Über hundert Jahre später reden in Deutschland die Verbände
der Wirtschaft, die SPD-Grüne Regierung,
Wirtschafts"wissenschaftler" und Medien der Konkurrenz aller gegen
alle das Wort. Als so genannte Reform soll die Erhöhung der Profitrate
unter dem Namen Standortsicherung oder "Pakt für Deutschland"
durch die Zerstörung der erkämpften Lohnstandards und
Sozialversicherungssysteme sowie Steuersenkungen für Millionäre und
Großkonzerne durchgesetzt werden - angeblich zur Bekämpfung der
Arbeitslosigkeit. Gegen Massenarbeitslosigkeit helfen jedoch keine Rezepte aus
der Mottenkiste des Frühkapitalismus des 19.Jahrhundert, sondern nur eine
gleichmäßige Verteilung der gesellschaftlich notwendigen Erwerbs-
und Reproduktionsarbeit auf alle Männer und Frauen. Der Kapitalismus in
der "neoliberalen" Ausprägung ist nicht neu und modern - er ist
der Alte geblieben, der alles und jede/n in der Gesellschaft zur Ware macht, um
daraus Profit zu schlagen.
"Demokratie" und "Freiheit" sind nur noch Phrase;
täglich wird versucht, die demokratischen Errungenschaften der
bürgerlichen Revolutionen einzuschränken.
Kriege werden wieder "normales" Mittel der Politik - ob im Namen
von "Menschenrechten" oder gegen "Terror" oder zur Sicherung
der Märkte. Während der imperialistische Krieg gegen die
Bevölkerung im Irak noch andauert, werden bereits die nächsten Kriege
geplant: Iran, Nord-Korea, Syrien, Venezuela, Kuba ... - auf Konferenzen wie der
jährlichen NATO-Sicherheitskonferenz in München.
Wenn die Herrschenden vom Frieden reden, steht der nächste Krieg vor
der Tür.
Immer deutlicher wird die Notwendigkeit internationaler
Solidarität:
- Die Absenkung sozialer Standards in einem Land wird umgehend in anderen
Ländern nachvollzogen zu einer immer schnelleren Abwärtsspirale.

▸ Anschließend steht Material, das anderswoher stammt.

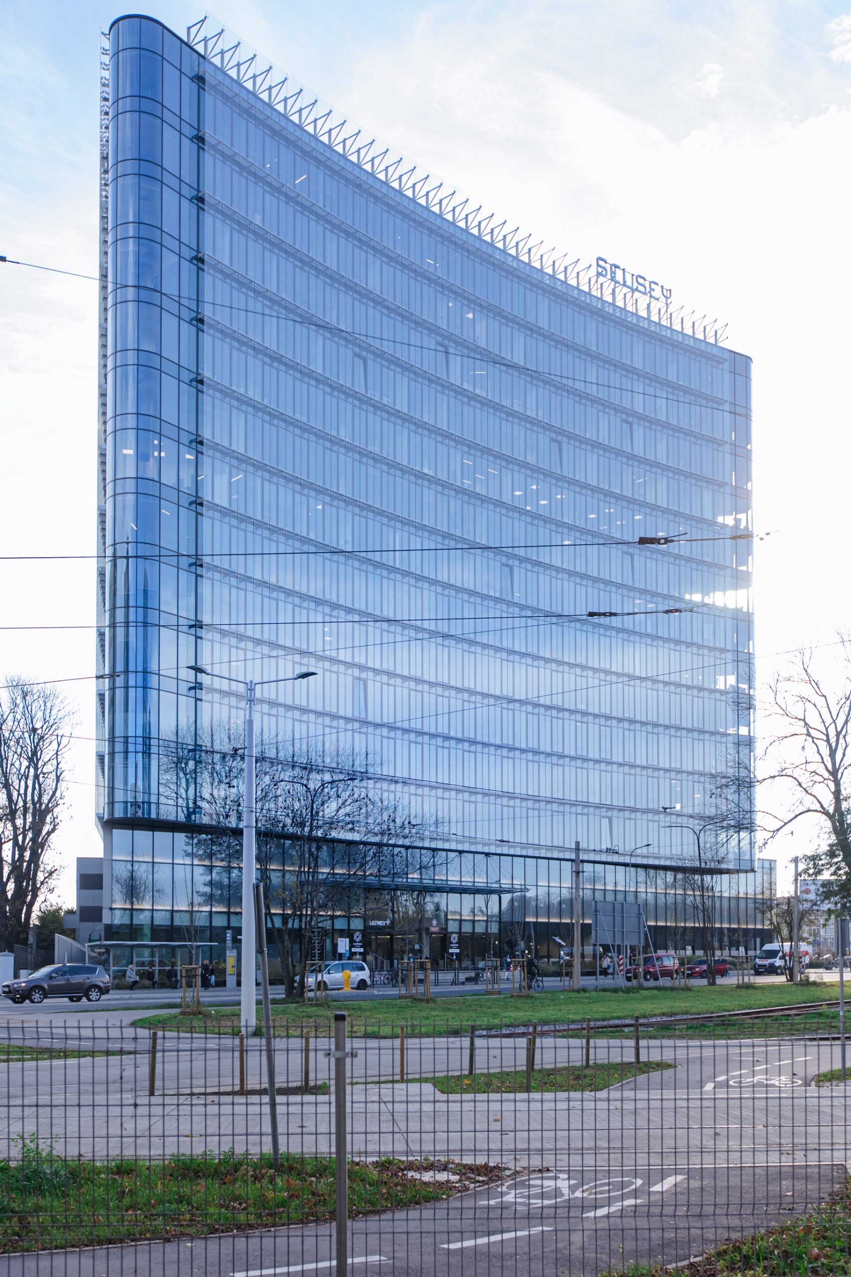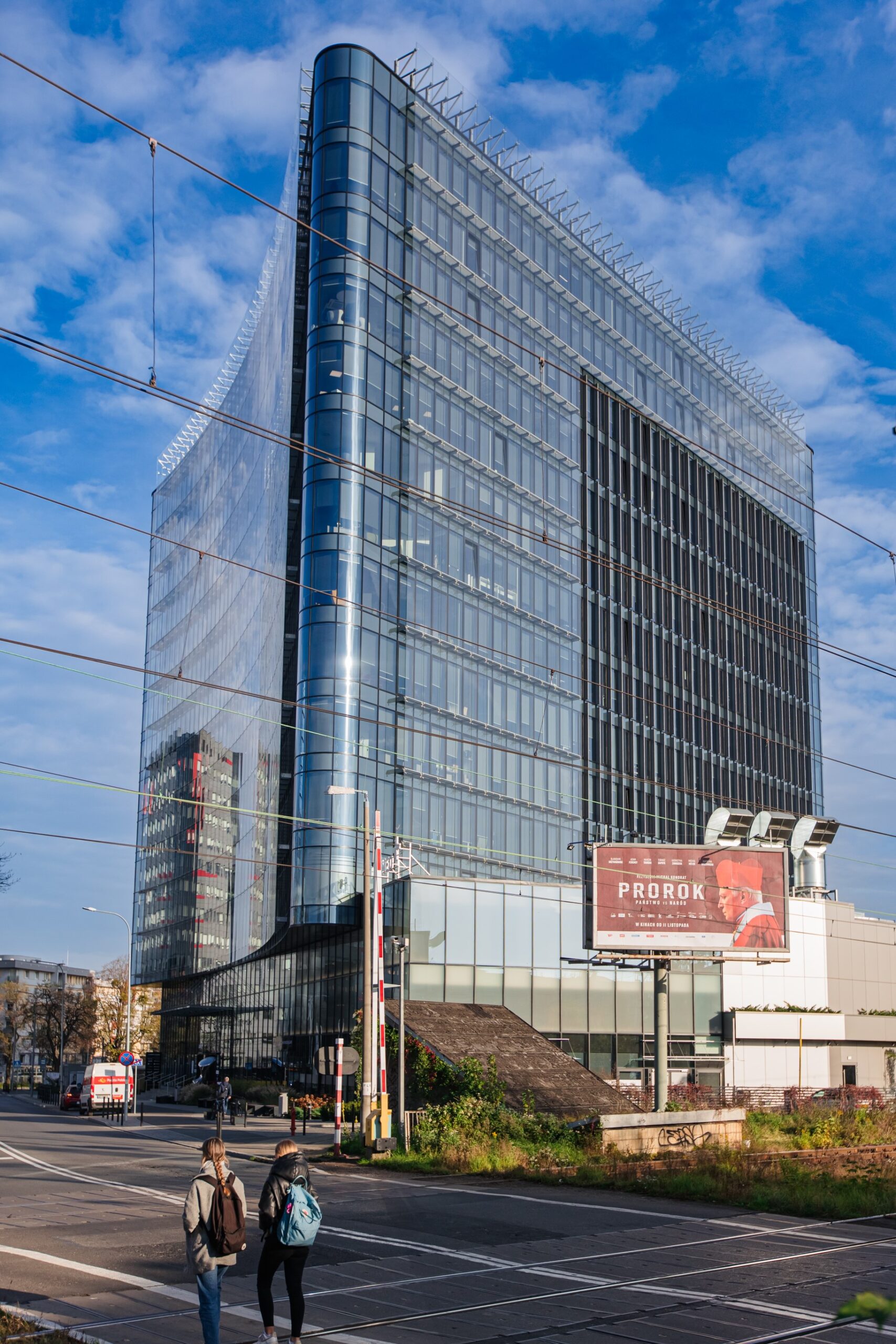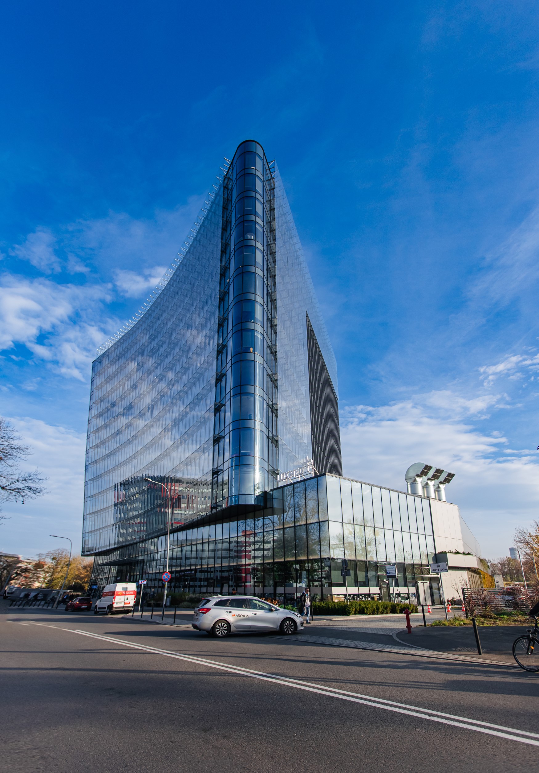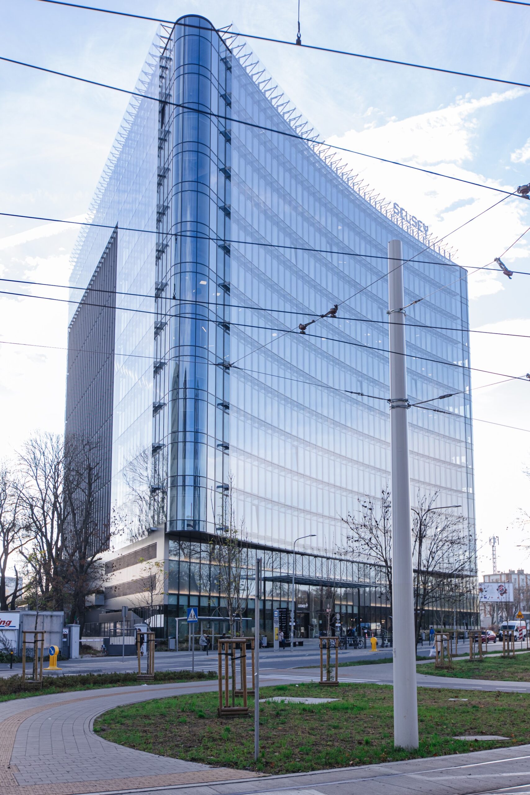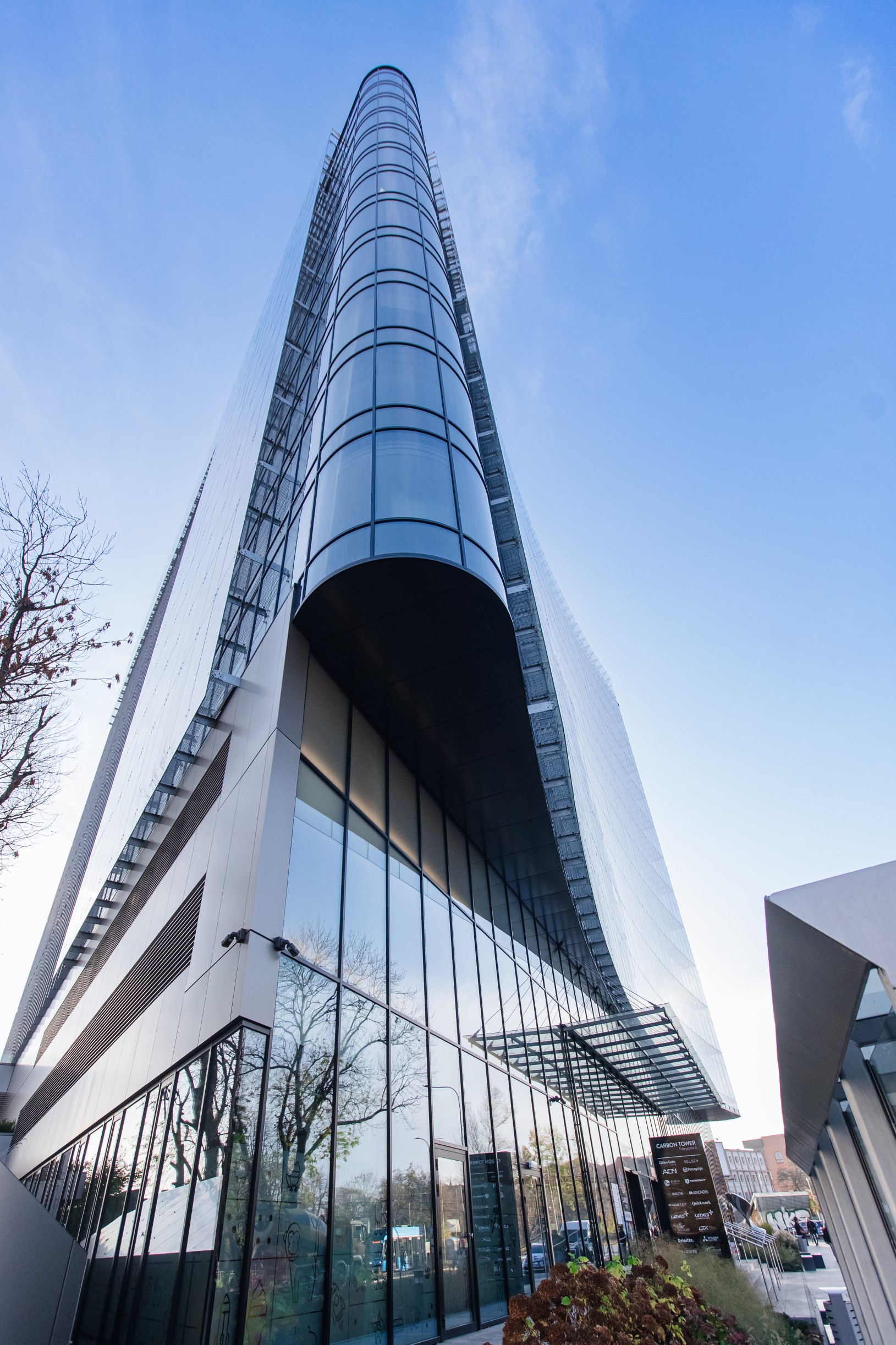 Prace geodezyjne związane z realizacją charakterystycznego biurowca Carbon Tower we Wrocławiu. Projekt obejmował wsparcie pomiarowe przy wznoszeniu obiektu o skomplikowanej bryle i nowoczesnej, szklanej elewacji. Dokumentacja zdjęciowa przedstawia gotowy budynek, kładąc nacisk na jego unikalną geometrię oraz detale konstrukcyjne fasady, które wymagały precyzyjnego nadzoru geodezyjnego.

- Jeder Sieg gegen Zumutungen des Kapitals irgendwo auf der Welt, jede
erreichte Verbesserung hier oder anderswo stärkt die Stellung der
Unterdrückten und Ausgebeuteten weltweit.
- Die reichen Metropolen schotten sich durch Mauern und Internierungslager
vor den Menschen ab, die der weltweite Imperialismus täglich zu Tausenden
zur Flucht zwingt - vor Hunger, Unterdrückung, Krieg und
fundamentalistischer Missachtung elementarster Frauenrechte.
Die Gewerkschaften stecken in einer tiefen und existenziellen Krise.
Jahrzehnte scheinbar ruhiger kapitalistischer Entwicklung haben ihre
Führungen und auch große Teile der Mitgliedschaft von einer
Kampforganisation zum Co-Management entpolitisiert. Die gegenwärtigen
kapitalistischen Angriffe zeigen jedoch deutlich, dass
"Sozial"partnerschaft eine Illusion ist. Die alte Sozialdemokratie
und damit einige ihrer Vertreter in den Gewerkschaftsspitzen setzen heute
neoliberale Politik um. Nach einem Beginn der Gegenwehr gegen die Agenda 2010
im letzten Jahr im April mit bundesweite 500.000 Demonstrierenden hat ein
Großteil in den Gewerkschaftsführungen ihren Widerstand offiziell
eingestellt. Gewerkschaften müssen wieder zur Gegenmacht werden oder sie
werden bedeutungslos.
Täglich verkünden uns die neoliberalen Propheten in den Medien:
"Es gibt keine Alternative".
Doch es gibt Alternativen zur weltweiten Barbarei der Verarmung, Krieg,
Rassismus und Zerstörung der Erde:
Sozial is' muss!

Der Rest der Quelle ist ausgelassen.